Nanoparticle delivery of diphtheria toxin-encoding DNA selectively expressed in ovarian cancer cells reduced the burden of ovarian tumours in mice, and researchers expect this therapy could be tested in humans within 18 to 24 months, according to a report in Cancer Research, a journal of the American Association for Cancer Research.

Although early stage ovarian cancer can be treated with a combination of surgery followed by chemotherapy, there are currently no effective treatments for advanced ovarian cancer that has recurred after surgery and primary chemotherapy. Therefore, the majority of treated early stage cancers will relapse.

“This report is definitely a reason to hope. We now have a potential new therapy for the treatment of advanced ovarian cancer that has promise for targeting tumour cells and leaving healthy cells healthy,” said lead researcher Janet Sawicki, Ph.D., a professor at the Lankenau Institute for Medical Research.

Sawicki and colleagues at the Massachusetts Institute of Technology evaluated the therapeutic efficacy of a cationic biodegradable beta-amino ester polymer as a vector for the nanoparticle delivery of a DNA encoding diphtheria toxin suicide gene. These nanoparticles were injected into mice with primary or metastatic ovarian tumours.

To test the efficacy of this technique, the researchers measured tumour volume before and after treatment. They found that while treated tumours increased 2-fold, this was significantly less than the between 4.1-fold and 6-fold increase in control mice.

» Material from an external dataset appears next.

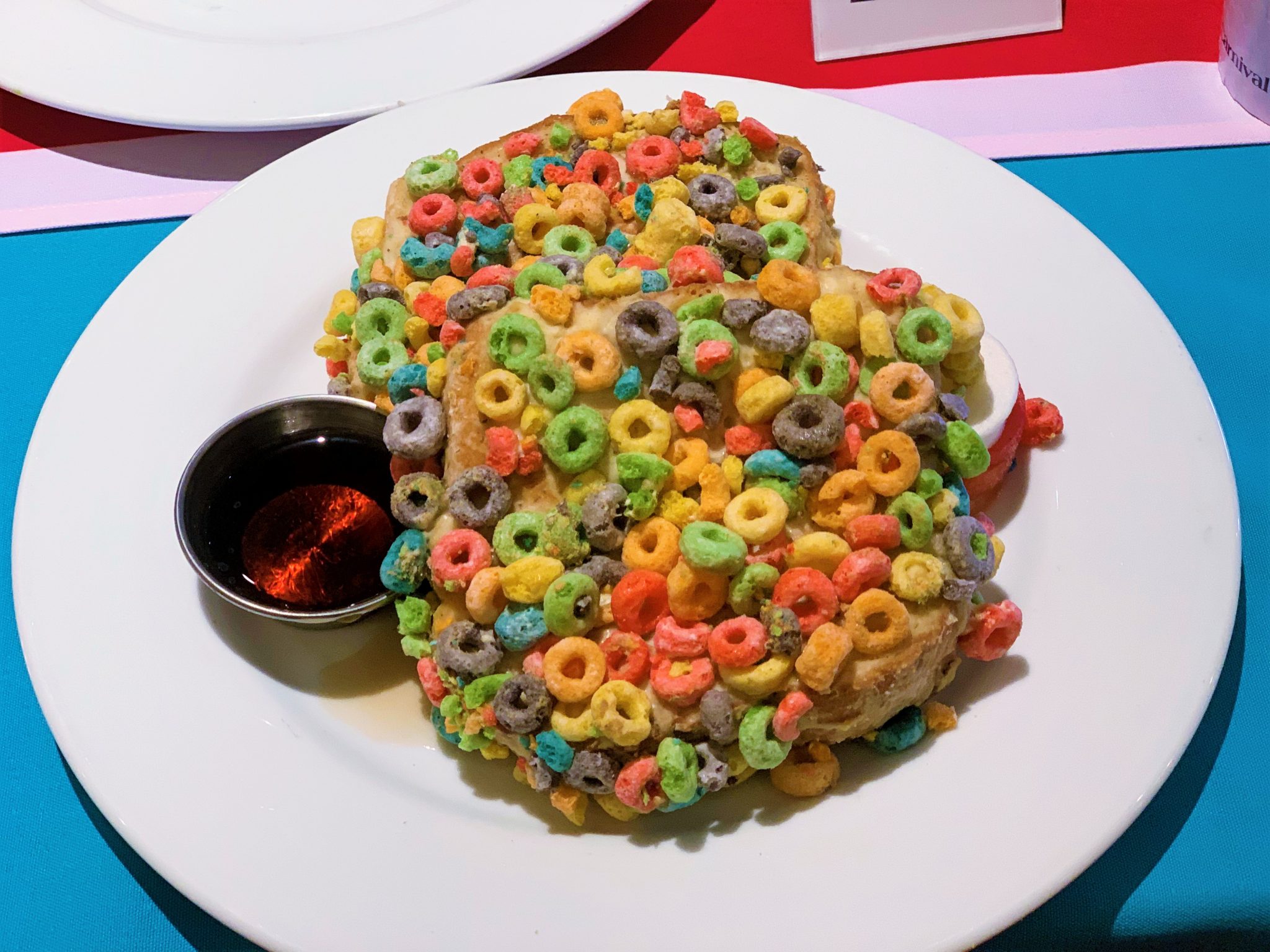 Gaining the hour of sleep, we set the alarm for 6:45 am this morning. On day 1, we made reservations for the ship’s Dr. Seuss breakfast at 8:15 am. I grabbed a few sunrise photos and video of the outdoor decks before getting the wife her morning iced latte.

Furthermore, four of the treated tumours failed to grow at all, while all control tumours increased in size. Administration of nanoparticles to three different ovarian cancer mouse models prolonged lifespan by nearly four weeks and suppressed tumour growth more effectively, and with minimal non-specific cytotoxicity, than in mice treated with clinically relevant doses of cisplatin and paclitaxel.

Edward Sausville, M.D., Ph.D., an associate editor of Cancer Research and associate director for clinical research at the Greenebaum Cancer Center at the University of Maryland, said this report illustrates significant progress in targeted therapy.

“In oncology we have been studying ways to kill tumours for a long time, but much of this has run up against the real estate principle of location, location, location,” he said. “In other words, an effective therapy is not effective if it cannot get to the target.”

Sausville said a major accomplishment of this research is the multiple ways it can target ovarian cancer cells, as scientists were able to deliver diphtheria toxin genes, using a nanoparticle, to the actual tumour site (peritoneum) with a basis for selective activity in the cancer cells (how the toxin genes were regulated once inside the cells).

“A real plus of a cancer therapy like this is not just the functionality of the nanoparticle construct molecule, but the ability to deliver the toxin to the tumour cells,” said Sausville, who agrees that inception of clinical trials could be just 18 months away.